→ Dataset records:
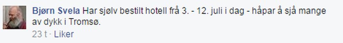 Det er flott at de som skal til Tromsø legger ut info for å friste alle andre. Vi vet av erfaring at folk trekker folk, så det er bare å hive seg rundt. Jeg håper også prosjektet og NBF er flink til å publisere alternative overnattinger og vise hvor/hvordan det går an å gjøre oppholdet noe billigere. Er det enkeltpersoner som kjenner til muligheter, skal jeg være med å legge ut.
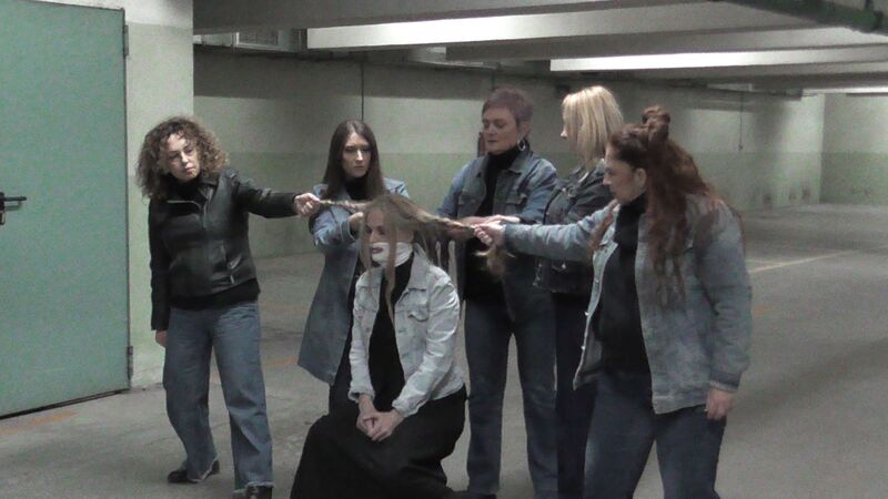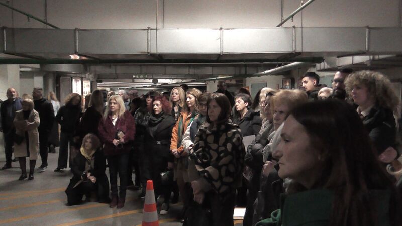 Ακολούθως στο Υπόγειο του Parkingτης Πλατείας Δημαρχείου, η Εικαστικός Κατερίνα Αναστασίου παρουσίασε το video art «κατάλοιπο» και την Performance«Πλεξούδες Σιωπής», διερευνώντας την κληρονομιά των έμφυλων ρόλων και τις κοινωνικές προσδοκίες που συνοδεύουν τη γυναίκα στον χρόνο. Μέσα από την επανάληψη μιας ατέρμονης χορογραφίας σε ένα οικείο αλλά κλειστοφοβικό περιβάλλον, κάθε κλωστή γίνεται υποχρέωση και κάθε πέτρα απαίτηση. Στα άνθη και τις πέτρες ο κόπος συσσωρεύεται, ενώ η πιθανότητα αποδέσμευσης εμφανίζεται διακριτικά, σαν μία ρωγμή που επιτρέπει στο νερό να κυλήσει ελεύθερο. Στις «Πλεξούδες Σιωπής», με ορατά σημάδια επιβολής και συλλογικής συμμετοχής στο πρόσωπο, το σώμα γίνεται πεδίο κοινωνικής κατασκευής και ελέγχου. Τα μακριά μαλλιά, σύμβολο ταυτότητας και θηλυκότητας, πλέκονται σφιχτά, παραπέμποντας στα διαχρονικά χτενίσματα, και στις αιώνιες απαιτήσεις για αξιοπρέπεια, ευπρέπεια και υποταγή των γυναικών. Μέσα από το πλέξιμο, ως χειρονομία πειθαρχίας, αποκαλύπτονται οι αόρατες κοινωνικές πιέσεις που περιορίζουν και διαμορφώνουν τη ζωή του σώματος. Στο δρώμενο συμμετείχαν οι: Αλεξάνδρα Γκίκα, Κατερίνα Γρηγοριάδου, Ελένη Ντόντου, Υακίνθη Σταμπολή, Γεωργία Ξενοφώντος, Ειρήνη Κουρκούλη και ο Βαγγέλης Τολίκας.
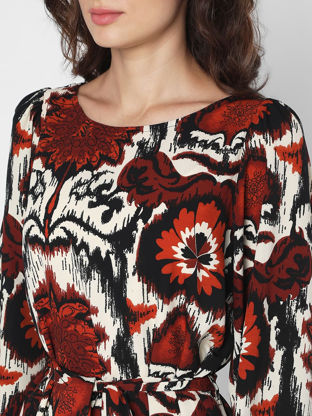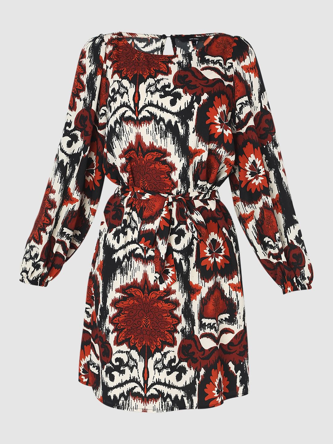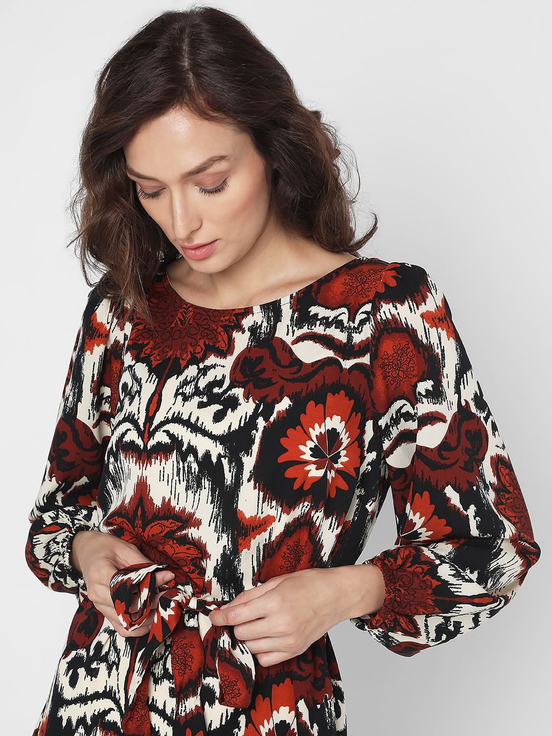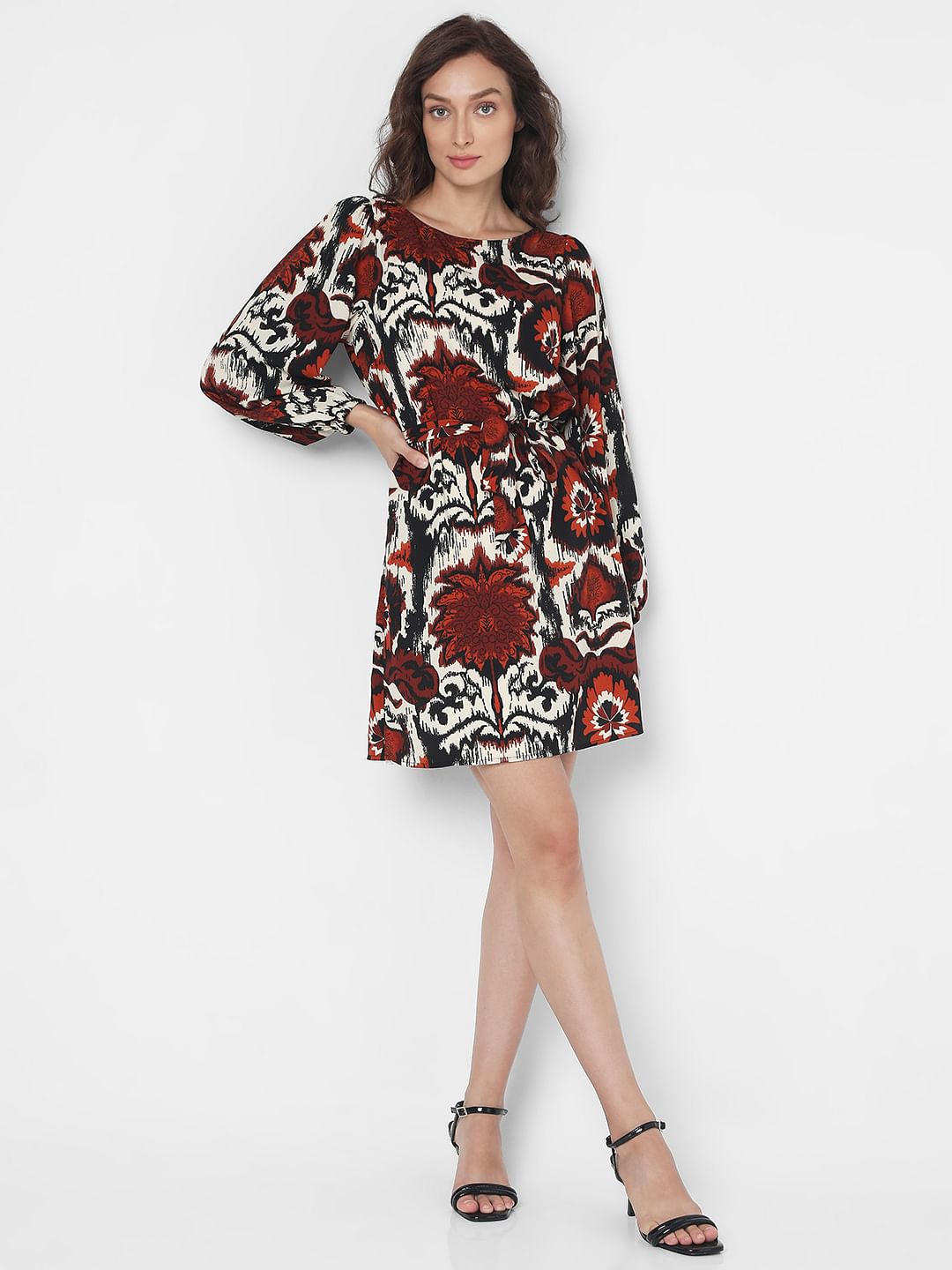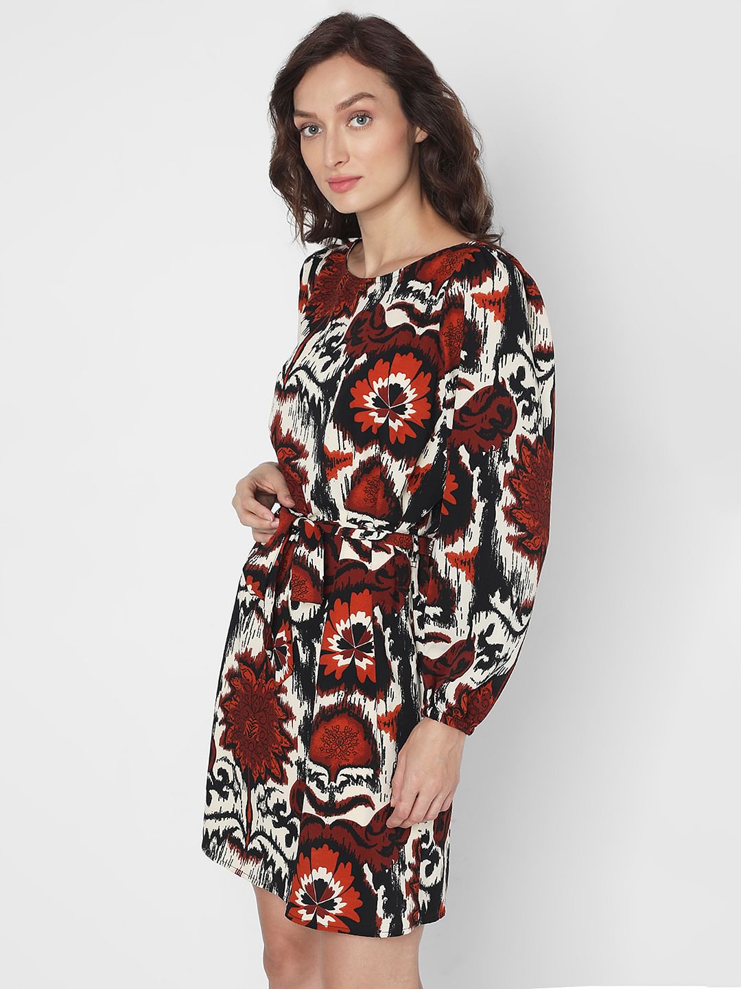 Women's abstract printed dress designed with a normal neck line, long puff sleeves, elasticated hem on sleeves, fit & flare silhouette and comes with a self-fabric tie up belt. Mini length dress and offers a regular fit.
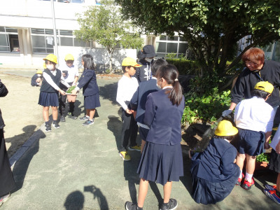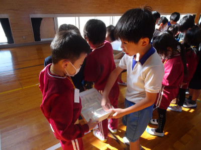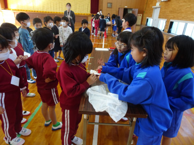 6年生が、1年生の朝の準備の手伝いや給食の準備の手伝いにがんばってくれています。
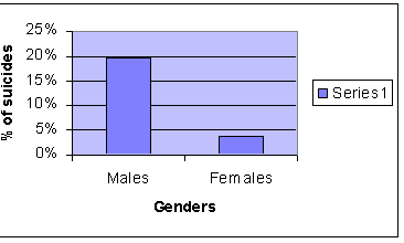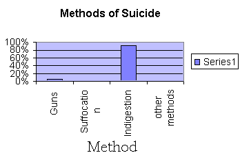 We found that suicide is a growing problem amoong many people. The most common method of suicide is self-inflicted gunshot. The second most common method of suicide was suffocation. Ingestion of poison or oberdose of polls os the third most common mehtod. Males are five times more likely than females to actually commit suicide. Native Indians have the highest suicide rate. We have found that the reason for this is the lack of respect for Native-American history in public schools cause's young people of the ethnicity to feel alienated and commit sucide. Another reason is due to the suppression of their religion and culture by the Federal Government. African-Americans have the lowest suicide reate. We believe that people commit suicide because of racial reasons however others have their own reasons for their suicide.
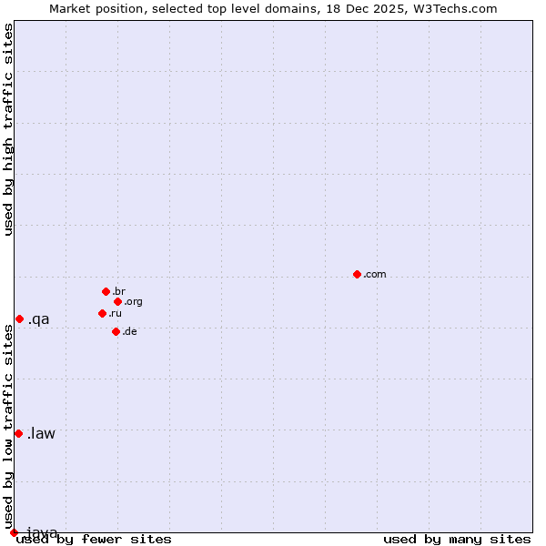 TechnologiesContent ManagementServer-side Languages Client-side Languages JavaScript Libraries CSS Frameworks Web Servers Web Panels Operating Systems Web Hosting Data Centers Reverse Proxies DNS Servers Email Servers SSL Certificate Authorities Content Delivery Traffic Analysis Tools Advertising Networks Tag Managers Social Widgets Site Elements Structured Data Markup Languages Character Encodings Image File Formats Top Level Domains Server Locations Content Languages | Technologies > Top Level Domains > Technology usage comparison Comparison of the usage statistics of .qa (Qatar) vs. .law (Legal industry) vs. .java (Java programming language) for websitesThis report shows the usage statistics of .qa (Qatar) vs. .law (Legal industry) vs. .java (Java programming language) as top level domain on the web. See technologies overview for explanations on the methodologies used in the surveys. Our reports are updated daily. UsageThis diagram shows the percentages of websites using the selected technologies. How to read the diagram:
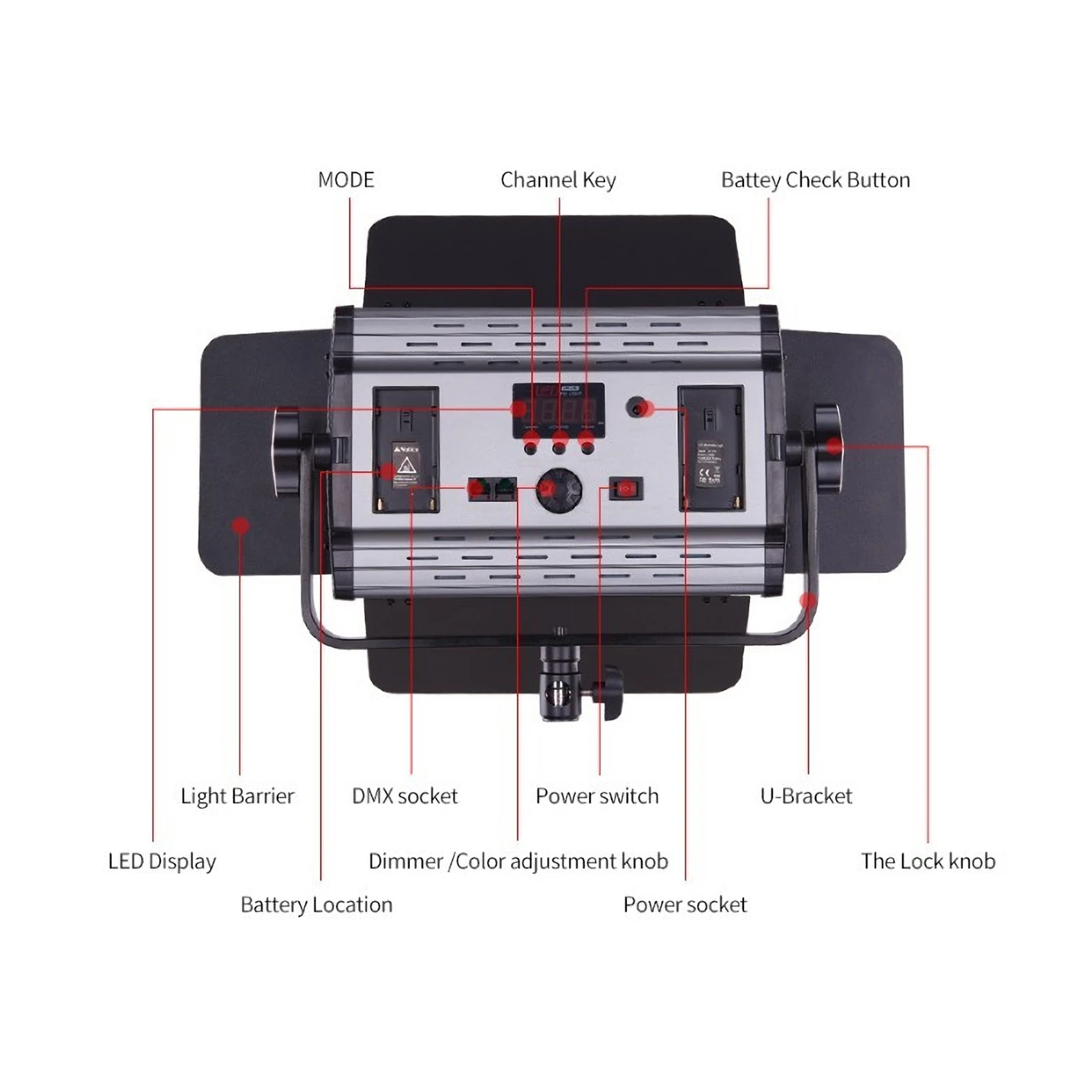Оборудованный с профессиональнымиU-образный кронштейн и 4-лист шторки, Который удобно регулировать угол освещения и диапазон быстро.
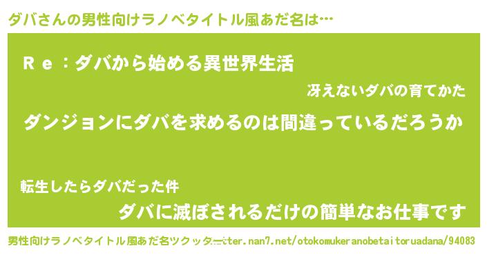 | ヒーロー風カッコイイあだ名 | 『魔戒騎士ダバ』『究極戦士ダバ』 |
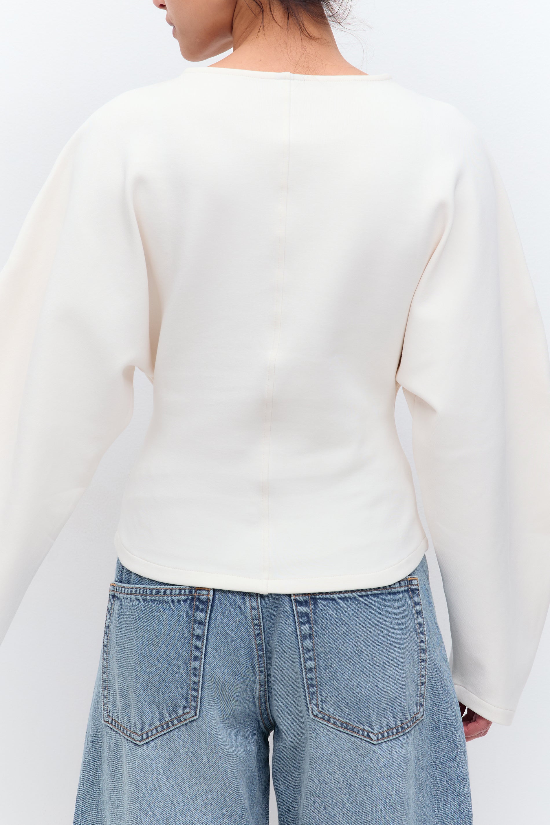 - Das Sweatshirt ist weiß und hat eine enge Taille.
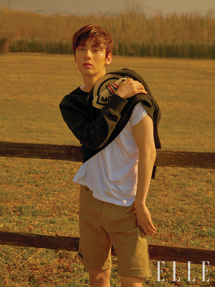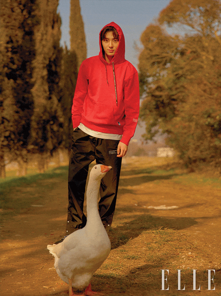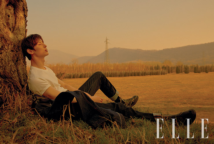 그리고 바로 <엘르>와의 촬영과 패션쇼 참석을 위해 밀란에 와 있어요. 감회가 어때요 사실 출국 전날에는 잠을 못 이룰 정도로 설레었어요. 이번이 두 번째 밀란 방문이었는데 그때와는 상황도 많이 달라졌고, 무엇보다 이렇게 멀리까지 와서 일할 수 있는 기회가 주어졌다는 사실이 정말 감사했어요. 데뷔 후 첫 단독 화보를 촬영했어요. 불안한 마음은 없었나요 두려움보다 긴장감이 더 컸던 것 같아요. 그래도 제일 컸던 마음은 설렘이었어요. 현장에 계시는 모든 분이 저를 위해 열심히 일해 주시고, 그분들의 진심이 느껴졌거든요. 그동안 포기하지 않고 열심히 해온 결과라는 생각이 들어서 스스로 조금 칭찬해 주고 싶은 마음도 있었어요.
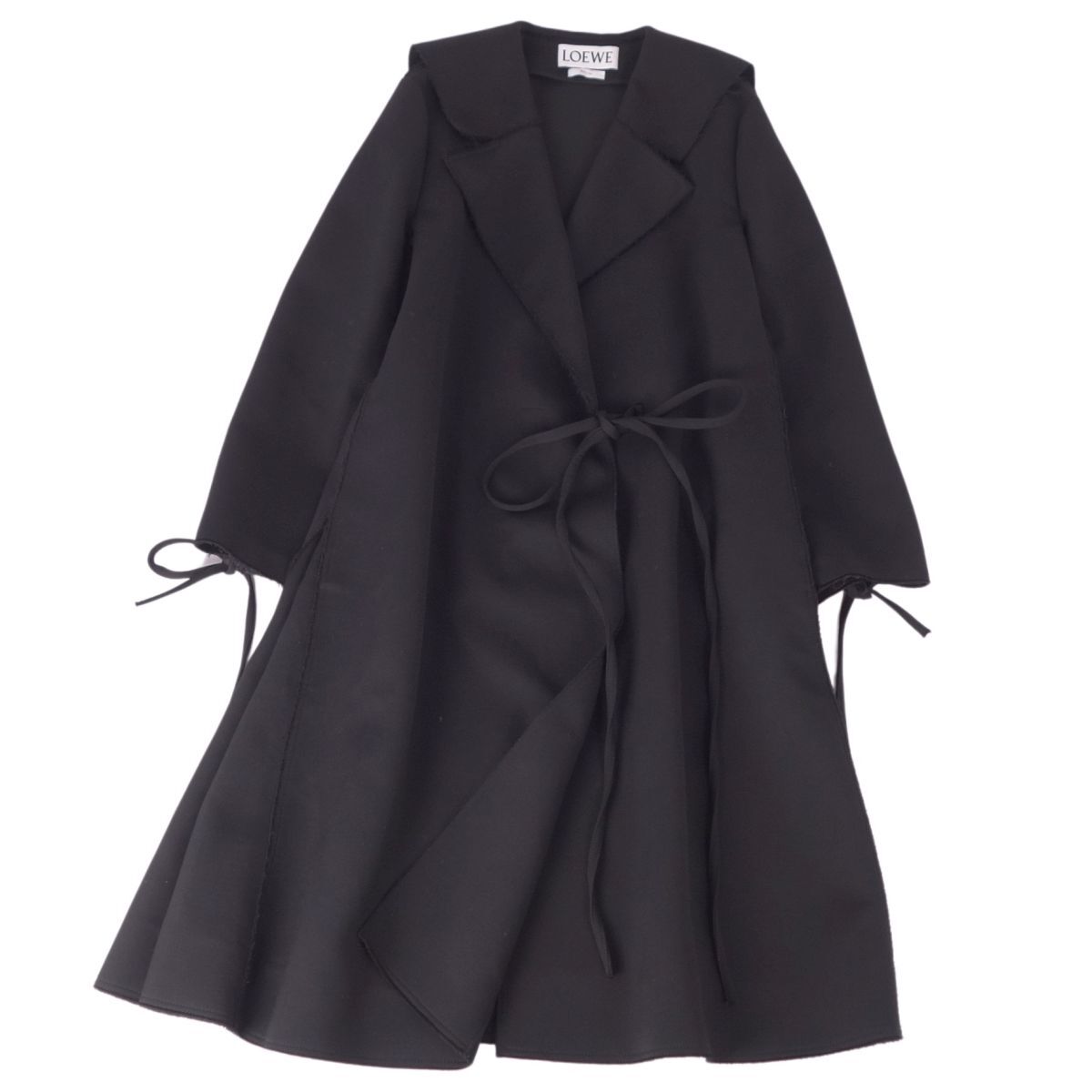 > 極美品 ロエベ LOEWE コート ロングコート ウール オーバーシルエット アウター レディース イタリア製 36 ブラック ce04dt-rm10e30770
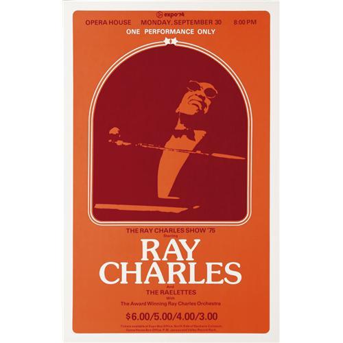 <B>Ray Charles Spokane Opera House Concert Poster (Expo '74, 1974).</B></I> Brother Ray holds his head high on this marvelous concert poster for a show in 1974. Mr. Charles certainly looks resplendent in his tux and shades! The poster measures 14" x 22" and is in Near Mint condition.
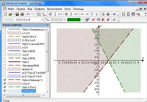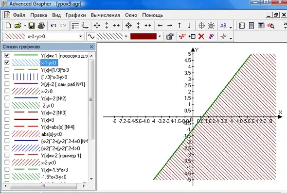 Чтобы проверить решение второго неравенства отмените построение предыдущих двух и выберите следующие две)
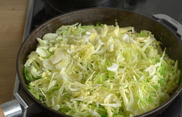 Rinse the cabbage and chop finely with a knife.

→ What is expected:
Now transcribe the lines above exactly, starting at the line containing "6年生が、1年生の朝の準備の" and ending at the line containing "We found that", both lines included, pictures excluded.

→ Result:
 6年生が、1年生の朝の準備の手伝いや給食の準備の手伝いにがんばってくれています。
 We found that suicide is a growing problem amoong many people. The most common method of suicide is self-inflicted gunshot. The second most common method of suicide was suffocation. Ingestion of poison or oberdose of polls os the third most common mehtod. Males are five times more likely than females to actually commit suicide. Native Indians have the highest suicide rate. We have found that the reason for this is the lack of respect for Native-American history in public schools cause's young people of the ethnicity to feel alienated and commit sucide. Another reason is due to the suppression of their religion and culture by the Federal Government. African-Americans have the lowest suicide reate. We believe that people commit suicide because of racial reasons however others have their own reasons for their suicide.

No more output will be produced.